Flashy Text: The headline on this page isn't a GIF; it's vector text saved as a Flash movie (in this case, it's a movie that doesn't move).

With the new Insert Flash Text feature, you can use vector text in Flash format instead of text graphics in GIF or JPEG format; this lets you scale text while maintaining letter quality. You can also add JavaScript-style rollover effects to Flash text or buttons. Of course, not all browsers can display Flash files, so you should check that the Flash player is present, using the Check Plugin JavaScript Behavior utility that comes with Dreamweaver.

There is one fly in Dreamweaver 4's ointment: the Web pages it creates still aren't fully compliant with important Web standards such as HTML 4, CSS1, and DOM 1.0; nor does the program support XHTML, unlike Adobe GoLive 5.

Go, Team!

When several designers and coders work on a site, you need a traffic cop to make sure the site stays organized and people don't get in each other's way. Dreamweaver 2 had file check-in and checkout capabilities. Dreamweaver 3 introduced Design Notes, XML-based documents that tracked the status of and comments for each file in your site. Dreamweaver 4 catches up to GoLive 5 by implementing WebDAV, an industry-standard protocol that lets team members check pages in and out of the WebDAV server, keep audit trails of site changes, and stage sites before uploading them to production servers. And Dreamweaver surpasses GoLive by adding support for Microsoft's Visual SourceSafe, another widely used version-control system. When you connect to a Visual SourceSafe or WebDAV server, Dreamweaver's Site Window becomes the client window for the server. Unfortunately, Visual SourceSafe and WebDAV servers do not run under Mac OS 9 (however, WebDAV implementations have been announced for Mac OS X).
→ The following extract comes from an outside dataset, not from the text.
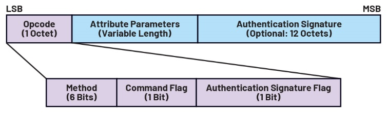 ATT PDU包由操作码、属性参数和身份验证签名构成(图9)。操作码字段用于标识PDU的方法/类型,例如请求或响应。它还包括一个命令标志,用于指示PDU类型是否为命令;以及一个身份验证签名标志,用于指示数据包是否使用身份验证签名。

Working Hand in Hand: Dreamweaver's Roundtrip Table Editing tool allows you to add rollovers and other behaviors to exported Fireworks tables, yet still maintain the ability to edit the table's images back in Fireworks, without messing up either HTML or JavaScript.

Suite Stuff

Besides enhancing the individual programs in the Studio, Macromedia has significantly improved how the programs work together. Dreamweaver and Fireworks, along with Dreamweaver UltraDev and Flash 5, now share a unified interface that makes it easier for new users to get their bearings in each application and for experienced users to employ skills across programs. Tool bars and inspector panels work identically in all the programs, and with customizable keyboard shortcuts, you can tune the programs so they all work as you want them to.

You have long had the ability to launch Fireworks from within Dreamweaver to edit images. But the new Roundtrip Table Editing tool turns tables and their contents into objects that can be swapped back and forth between the two programs, with edits preserved. You can create a table in Fireworks, for example, adding rollovers to slices and frames; bring that table into Dreamweaver to edit it or to add JavaScript code; and then bounce the table back to Fireworks for graphics changes, all without harming the code in either program.